The accidental hypocrite & the fake plants that died because he didn’t pretend to water them…

Sorrow can be alleviated by good sleep, a bath and a glass of wine…

Thomas Aquinas

Nikon026x600Just as my wise and decidedly erstwhile therapist once neglected to tell me voluntarily, if you ain’t got none then fake some— something which was no doubt passed down from one learned bejacketed chap to another and then to him in order to band-aid folk in desperate need, for reasons both earth shattering or as erroneous as whatever mine happened to be at the time. Now just happens to be time to water the plastic tree and I don’t even consider myself to be overly sceptical. But I must confess to considering such sandwich-filler philosophy to be some kind of joke that few, of which I wasn’t one of those who were in on; or that perhaps this was his idea of faking it, and in some round about way, was him subtly demonstrating how to use the prescription.

Whatever it was, I accepted it and have attempted to use it many times since with varying degrees of success and failure I might add— all with the exception of sincerity, since I’ve found it’s the one thing that if you can fake, you can fake anything. As for me, my hypocrisy only goes so far and since I have so few opportunities to be genuinely sincere these days, I much prefer giving it a go the old fashioned way. Besides, it also seems to be something that becomes rarer with the passing of time. I suppose a lot of the ‘pretending’ nonsense is much better suited to young folk and their flexible skin, as my walrus-like derma gives the game away with far too much swift to be considered fair game— and I’m not one to be deliberately foolish, any more than I am to be accidentally hypocritical.
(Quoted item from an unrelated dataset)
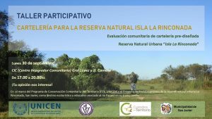 Se realizará el próximo lunes 30 de septiembre en el Centro Integrador Comunitario (CIC) un encuentro participativo sobre la Cartelería para la Reserva Natural “Isla la Rinconada”.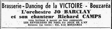 ![]() Dans l'Echo d'Alger du 12 décembre 1959, l'annonce des réveillons de Noël et du Jour de l'An à la Brasserie-Dancing de la Victoire (Maïoné) |

Enough as they say is quite enough. I’ve reached that unfortunate point in any period of sub-par-ness, whereby I’ll actually start rewinding moments and days in an attempt to fathom the unfathomable, or at the very least, the invisible bottom which deserves my unreserved wrath to be turned spittoon and crazed. It’s imprecise, futile and impossible to spank. Nope, it merely adds to the joylessness of something which belongs confined to the golf course. I’ve even begun harbouring ill thoughts concerning my recent trip— that if I hadn’t gone everything would’ve been fine, I’d still be sleeping and working and perfect— but that’s B.S. as well. For starters, I don”t believe it, secondly, I needed a break and had a wonderful time— I’m not much of a drinker these days and nothing quite validates the conscience like a change of scenery whilst corking a splendid Pinot Noir in the late ante meridiem on a school day. Nope, it wasn’t that and I bear nothing but resentment for even thinking it.

What I needed yesterday was some perspective and if I couldn’t muster any, I just had to fake some. I needed to lash my resentment and throttle my ill thoughts with a dash of fake perspective and put away all that reflection nonsense, because the last thing I needed was for my last trip to be the last I ever have— that just won’t do— I like a large glass of wine before lunch from time to time; and since the issue at hand isn’t really all that complicated: mainly sleep with perhaps a few pre-operation nerves thrown in for good measure, I decided to get some sleep-aids to knock me out, so at least I might be able to start unreversing the bollocks. If I can’t sleep, I might as well fake that too.

Anyway, I took a few of them last night and must’ve nodded off pretty quickly, because the next thing I remember is coming to, at least feeling like I’d had a good nap— gave a little nod to gods— and got up to make a cup of tea before realising it was still only 12.25.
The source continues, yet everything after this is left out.